Il 23 dicembre 1978 il Parlamento italiano approvava a larga maggioranza la legge 833 che istituiva il Servizio Sanitario Nazionale (SSN) in attuazione dell’art. 32 della Costituzione.

Il Servizio sanitario nazionale mise fine alla copertura sanitaria fornita dalle mutue, un sistema iniquo e dispendioso per le persone e lo Stato.

Tra le innovazioni portate fu l’introduzione di due principi importanti: universalismo e globalità. La salute viene riconosciuta come «diritto dell’individuo e interesse della collettività» a prescindere dall’occupazione. In secondo luogo le componenti della salute non si esauriscono nell’assistenza sanitaria, ma vengono riconosciute esplicitamente anche le dimensioni della prevenzione, della riabilitazione e della promozione della salute.

Da anni però il Servizio sanitario nazionale è in crisi.  Come sottolinea la fondazione Gimbe, negli ultimi 15 anni si sono susseguiti governi che hanno contribuito a un progressivo sgretolamento del SSN e hanno eroso il diritto costituzionale alla tutela alla salute.

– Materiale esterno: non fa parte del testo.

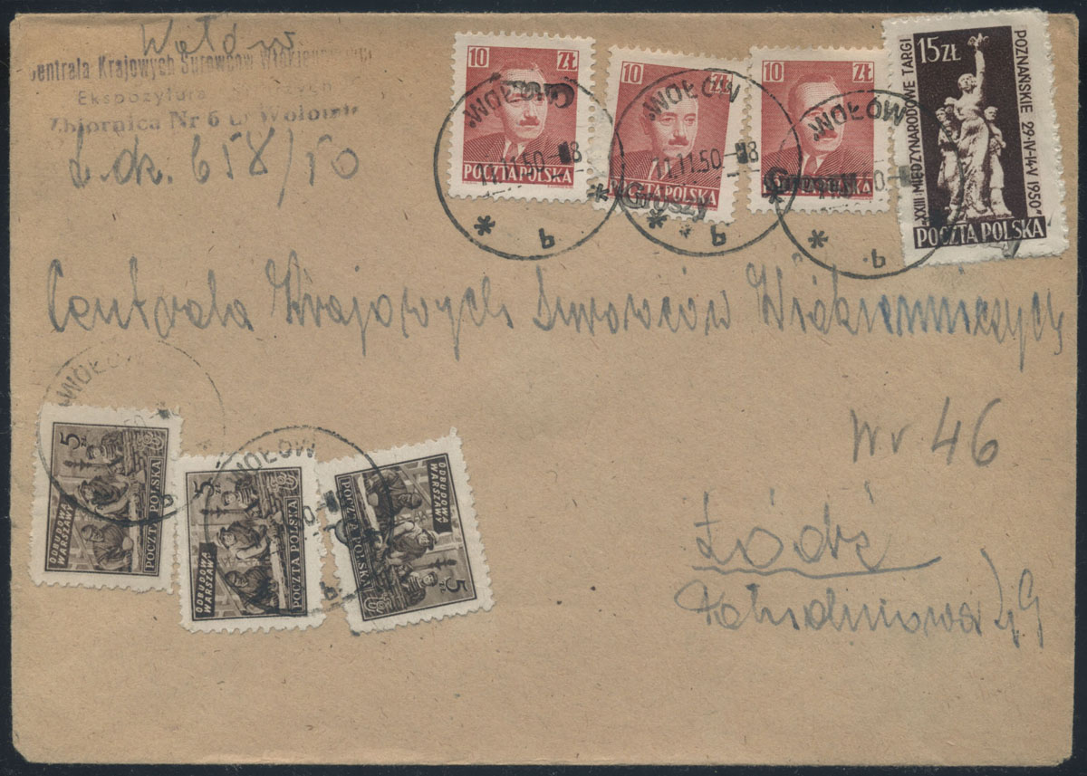 1950 groszy, list z Wołowa do Łodzi opłacony znaczkami z nadrukiem groszy typ 26 w barwie czarnej. | Fi.513, 516, 520 |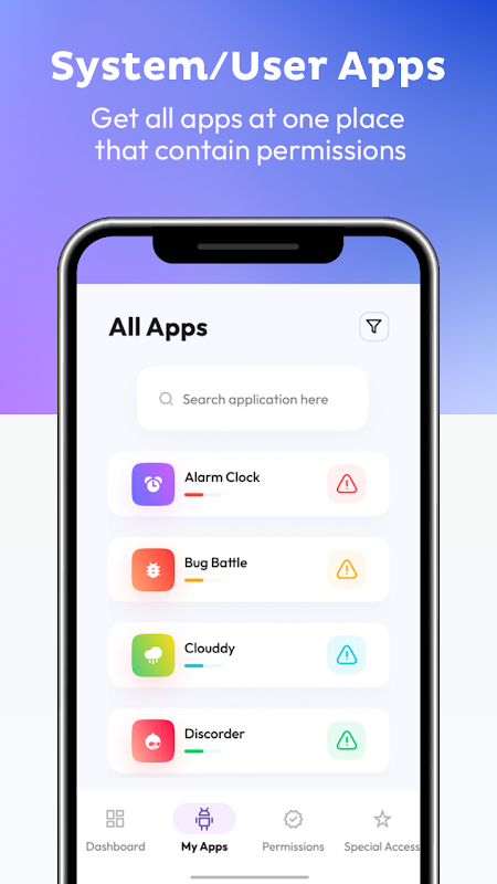 تتيح لك الميزات السهلة لتطبيقاتي على لوحة المعلومات قائمة التحكم في أذونات التطبيق لجميع تطبيقات الطرف الثالث لمراقبة مخاطر الأذونات والطبيعة المرتبطة بكل تطبيق مثبت.

Nel decennio 2010-2019 tra tagli e definanziamenti sono stati sottratti al SSN circa € 37 miliardi; il fabbisogno sanitario nazionale (FSN) è aumentato di soli € 8,2 miliardi, con un tasso di crescita inferiore a quello dell’inflazione.

L’aggiornamento degli elenchi delle prestazioni non è stato contestualmente accompagnato dall’aggiornamento delle tariffe delle prestazioni di protesica e specialistica ambulatoriale, rendendo impossibile l’esigibilità dei nuovi LEA su tutto il territorio nazionale.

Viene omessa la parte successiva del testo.